The overhead of encryption is largely masked by I/O and other components of the system time, such as the VFS code. Since the key size plays a small role in the file system throughput, it is wise to use as large a key size as possible. This is made only more important by the persistent nature of file systems, where there is often lots of data available to a cryptanalyst - some of which may be predictable, e.g., partition tables [27]. Since file systems are designed for long-term storage, it is important that data is protected not only against adversaries of today, but also of the future.
Sparse Loopback Devices   Throughout our previous tests, LOOPDD used a preallocated file that filled the test partition to reduce I/O effects. It is often the case that an encrypted volume is only a small fraction of the disk.
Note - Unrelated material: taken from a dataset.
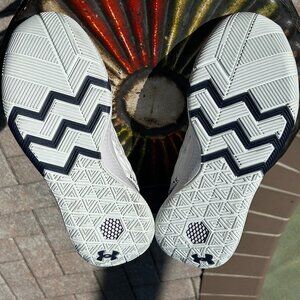 A new pair of Under Armour Unisex HOVR Havoc 5 Clone Team Basketball Shoes. They are unisex size 8 men’s and size 9.5 womens. They do not include the box. The color pattern is White and Midnight Navy. Model 3024979-103.

This leads to interesting results with respect to I/O. Ext2 attempts to put blocks from the same file into a single cylinder group; and spread directories evenly across cylinder groups with the goal of clustering related files [22].
Using a preallocated file as large as the partition does not drastically affect the Ext2 allocation policy. However, if the preallocated file is smaller than the partition, it is clustered into as few cylinder groups as possible, thereby reducing the amount of seeking required. Using a sparse file as the backing store results in an even more optimal allocation policy than the small file, since holes in the upper-level file system are not allocated.
We ran this test on our workstation with a 10GB Seagate 5400 RPM IDE hard drive. We used a slower disk than in previous tests to accentuate the differences between these configurations. Using the entire drive formatted with Ext2, PostMark took 551 seconds and used 12.2 seconds of system time. When using a 500MB LOOPDD file, Null mode took 79.6 seconds, and used 27.1 seconds of system time. Using Cryptoloop with a sparse backing store took 51.2 seconds and used 27.2 seconds of system time.
From this test we conclude that although using a loop device increases system overhead, the effects that it has on layout policy can be beneficial. On the other hand, the fact that LOOPDD can so markedly affect the layout policies of the file system may have negative impacts for some workloads. One advantage of systems like LOOPDEV is that they will not affect the layout decisions made by the upper level file system.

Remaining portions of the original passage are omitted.